How LEAP examines this topic

• Multiple choice. Classify a function from a table, graph, or description.
• Type II reasoning. Explain why exponential growth exceeds linear, or compare two models.
• Drag and drop. Sort functions or contexts into linear, quadratic, and exponential.

A clarifying idea: the test of what is constant unifies these families with sequences: constant difference = linear (arithmetic), constant ratio = exponential (geometric), constant second difference = quadratic.
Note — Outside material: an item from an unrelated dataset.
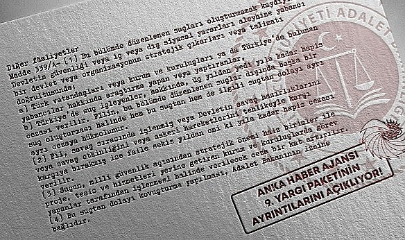HABER: ESRA TOKAT(ANKARA) - 9. Yargı Paketi taslağına göre 5237 Sayılı Türk Ceza Kanunu’nun 339’uncu maddesinden sonra gelmek üzere ve kamuoyunda ''etki ajanlığı'' olarak bilinen düzenleme "diğer faaliyetler" başlığıyla yer aldı. Buna göre, devletin güvenliği veya iç veya dış siyasal yararları aleyhine yabancı bir devlet veya organizasyonun stratejik çıkarları veya talimatı doğrultusunda Türk vatandaşları veya kurum ve kuruluşları ya da Türkiye’de bulunan yabancılar hakkında araştırma yapan veya yaptıranlar hapis cezası ile cezalandırılacak.Taslak, 38 maddeden oluşuyor. 5237 Sayılı Türk Ceza Kanunu’nun 339’uncu maddesinden sonra gelmek üzere eklenmesi önerilen taslakta yer alan 22’nci madde kamuyounda ''etki ajanlığı'' olarak tartışılıyor. Bazı hukukçularda bu düzenlemeye ''yeni tip casusluk'' suçu diye nitelendiyor. Buna göre, devletin güvenliği veya iç veya dış siyasal yararları aleyhine yabancı bir devlet veya organizasyonun stratejik çıkarları veya talimatı doğrultusunda Türk vatandaşları veya kurum ve kuruluşları ya da Türkiye’de bulunan yabancılar hakkında araştırma yapan veya yaptıranlar hapis cezası ile cezalandırılacak."DEVLETİN İÇ VEYA DIŞ SİYASAL YARARLARI" KAVRAMISöz konusu "etki ajanlığı" olarak tartışılan madde düzenlemesinin gerekçesinde, "Devletin iç veya dış siyasal yararına yönelik olarak gerçekleştirilen bazı faaliyetlerin cezalandırılması kabul edilmektedir. Bu kapsamda iktisadi, mali, askeri, milli savunma, kamu sağlığı, kamu güvenliği, kamu düzeni, teknolojik, kültürel, ulaştırma, haberleşme, siber alan, kritik altyapılar ve enerji gibi diğer yararlar da devletin iç veya dış siyasal yararları kavramı içinde kabul edilecektir. Dolayısıyla bu gibi yararlar aleyhine gerçekleştirilen faaliyetler de suçun konusunu oluşturabilecektir." ifadesi ise dikkati çekiyor.Söz konusu düzenleme şöyle: Diğer faaliyetler

Why constant second differences mean quadratic

The reason a quadratic shows a constant second difference is worth understanding because it is the fingerprint that separates parabolas from lines and exponentials. For a linear function the first differences are constant, each equal step in $x$ changes $y$ by the same amount, so the rate of change is fixed. A quadratic's rate of change is not fixed; it speeds up steadily, which is why a parabola gets steeper as you move away from the vertex. But the rate at which the rate changes is itself constant: the "difference of the differences" settles to a fixed number (equal to $2a$ for $f(x) = ax^2 + bx + c$ over unit steps). So the first differences grow by a constant amount, and that constant is the second difference. An exponential, by contrast, never has constant differences at any level, because each step multiplies, the differences themselves grow by a constant ratio, not a constant amount. This layered view, constant differences (linear), constant second differences (quadratic), constant ratios (exponential), gives you a single reliable procedure for classifying any function from a table, and it explains why exponential growth, with its compounding multiplier, ultimately outruns the steady acceleration of a quadratic and the fixed pace of a line.

Try this

Q1. Equally spaced outputs are $4, 8, 16, 32$. Which family? [2 points]

• Cue. Constant ratio $2$: exponential.

Q2. Equally spaced outputs are $1, 4, 9, 16$. Which family? [2 points]

• Cue. First differences $3, 5, 7$; second differences constant ($2$): quadratic.